From the material below, please set down exactly the lines starting with the one with "கடனை செலுத்திய பின்னரும்" and going on through the one with "Bobo and Momo", without a single picture.

──────── RECORD SET ────────

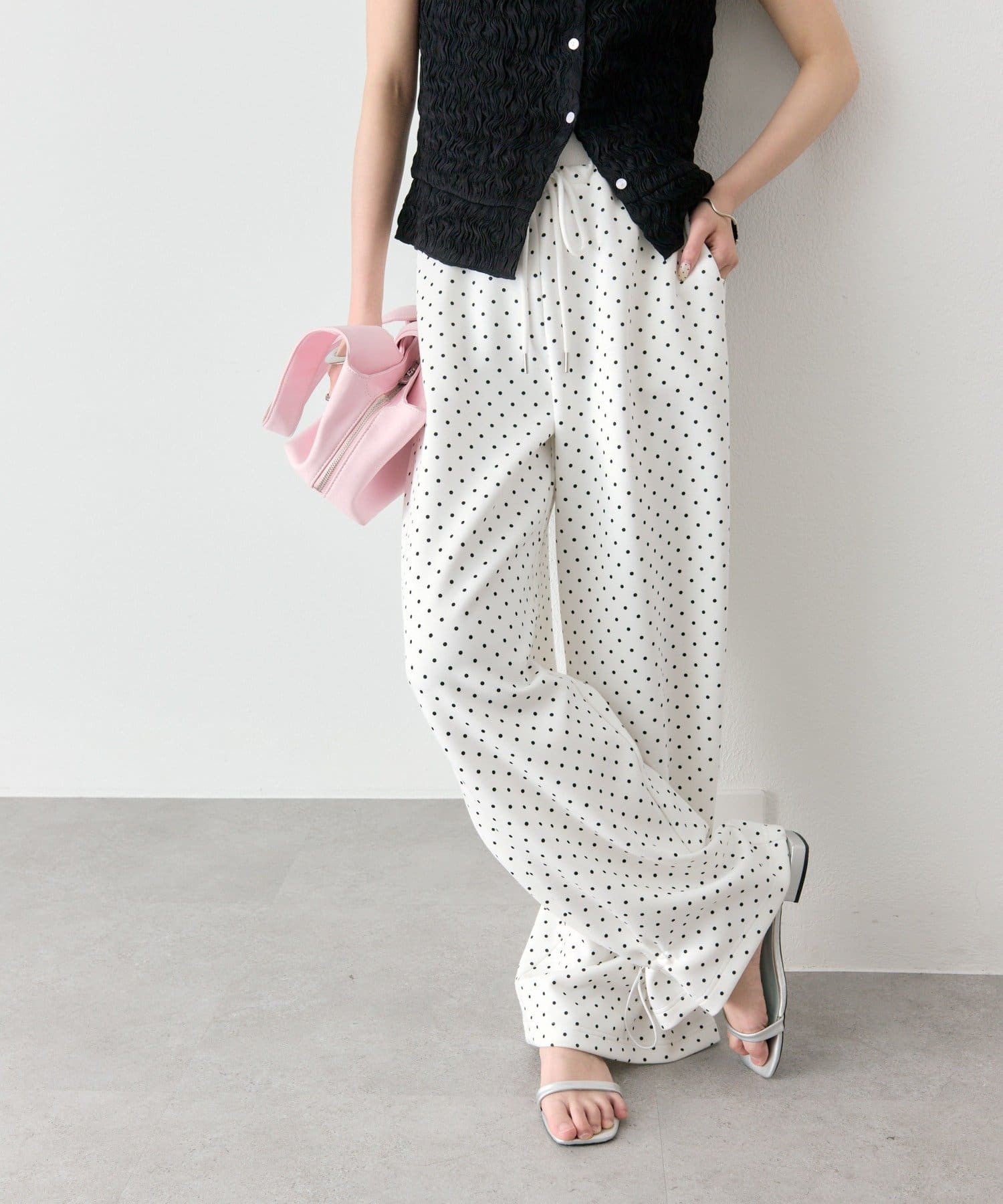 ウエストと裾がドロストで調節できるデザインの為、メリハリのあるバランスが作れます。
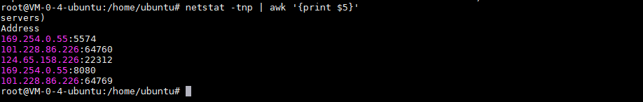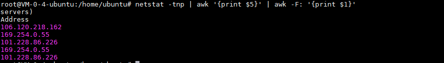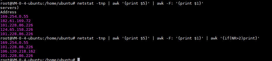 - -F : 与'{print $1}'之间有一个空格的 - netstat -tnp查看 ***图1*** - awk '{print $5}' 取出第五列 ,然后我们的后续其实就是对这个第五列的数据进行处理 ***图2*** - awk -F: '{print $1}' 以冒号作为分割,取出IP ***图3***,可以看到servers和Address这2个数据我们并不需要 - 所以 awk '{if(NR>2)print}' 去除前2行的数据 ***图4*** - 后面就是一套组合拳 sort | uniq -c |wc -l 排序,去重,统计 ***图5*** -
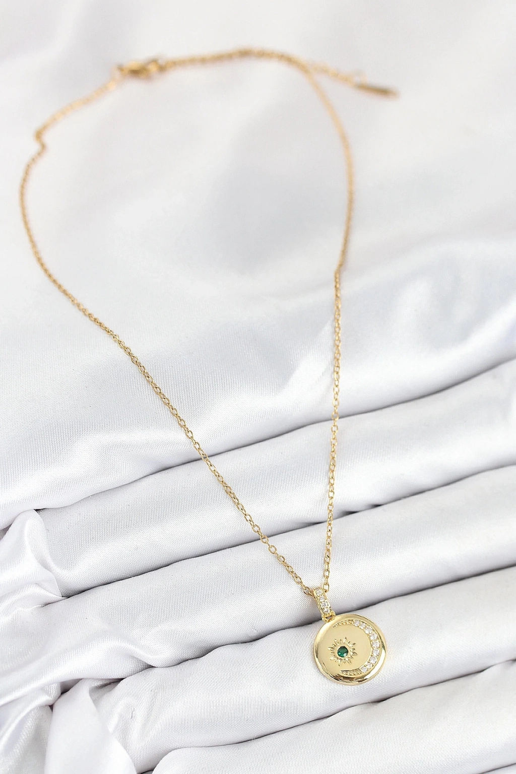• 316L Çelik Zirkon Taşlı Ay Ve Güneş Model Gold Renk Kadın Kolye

────────
──────── RECORD SET ────────

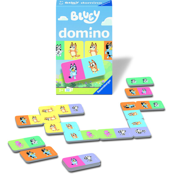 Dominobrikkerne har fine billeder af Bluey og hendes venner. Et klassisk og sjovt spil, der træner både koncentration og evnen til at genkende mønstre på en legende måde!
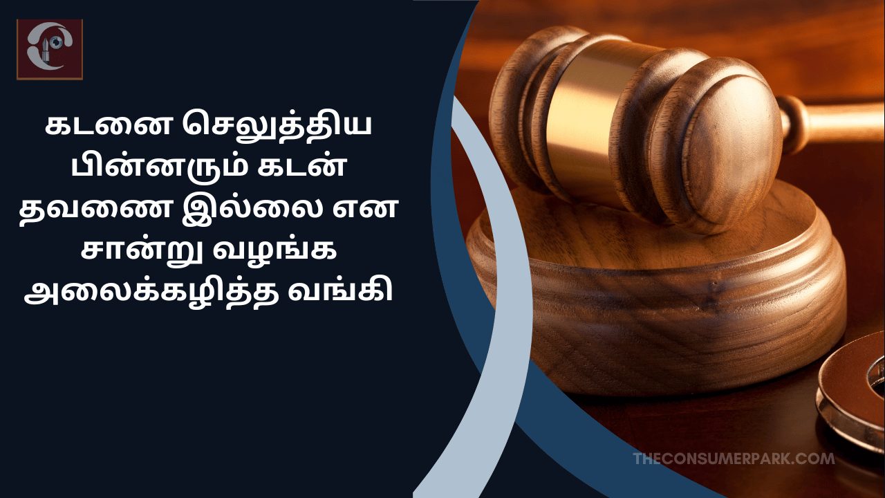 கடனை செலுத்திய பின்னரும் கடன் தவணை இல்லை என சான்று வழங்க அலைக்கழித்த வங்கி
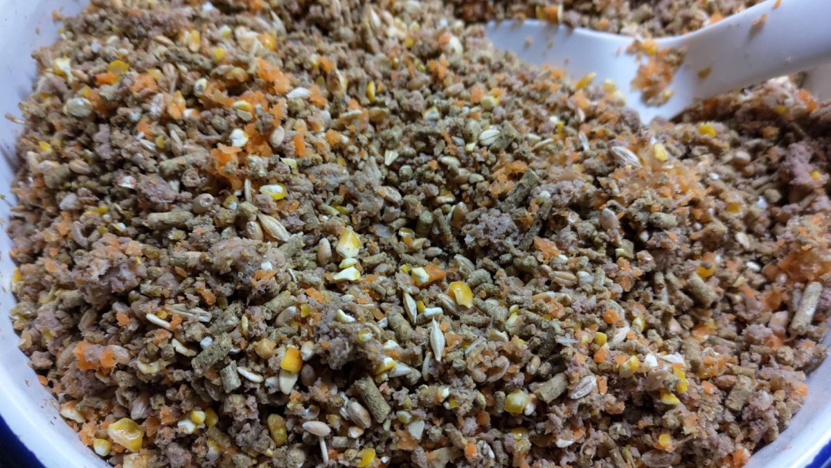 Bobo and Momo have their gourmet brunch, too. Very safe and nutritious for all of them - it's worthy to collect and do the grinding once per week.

────────
──────── RECORD SET ────────

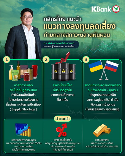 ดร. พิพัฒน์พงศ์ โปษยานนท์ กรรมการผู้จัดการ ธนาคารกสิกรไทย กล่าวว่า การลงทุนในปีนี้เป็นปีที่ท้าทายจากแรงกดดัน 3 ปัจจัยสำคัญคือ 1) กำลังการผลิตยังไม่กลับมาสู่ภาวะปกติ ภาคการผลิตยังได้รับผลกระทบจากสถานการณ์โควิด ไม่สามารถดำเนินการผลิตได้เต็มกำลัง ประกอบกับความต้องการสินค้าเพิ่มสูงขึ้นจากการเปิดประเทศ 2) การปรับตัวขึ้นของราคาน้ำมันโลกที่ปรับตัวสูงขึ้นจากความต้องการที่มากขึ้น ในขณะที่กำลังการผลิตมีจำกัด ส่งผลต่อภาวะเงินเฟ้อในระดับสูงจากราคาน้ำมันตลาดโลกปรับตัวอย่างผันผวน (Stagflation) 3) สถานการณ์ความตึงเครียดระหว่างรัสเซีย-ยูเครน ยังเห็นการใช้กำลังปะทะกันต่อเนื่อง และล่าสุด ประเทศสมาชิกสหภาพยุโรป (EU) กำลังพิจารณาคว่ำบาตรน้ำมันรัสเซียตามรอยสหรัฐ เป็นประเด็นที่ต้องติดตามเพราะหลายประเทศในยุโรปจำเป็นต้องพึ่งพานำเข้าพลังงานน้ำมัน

────────

ANSWER BELOW:
 கடனை செலுத்திய பின்னரும் கடன் தவணை இல்லை என சான்று வழங்க அலைக்கழித்த வங்கி
 Bobo and Momo have their gourmet brunch, too. Very safe and nutritious for all of them - it's worthy to collect and do the grinding once per week.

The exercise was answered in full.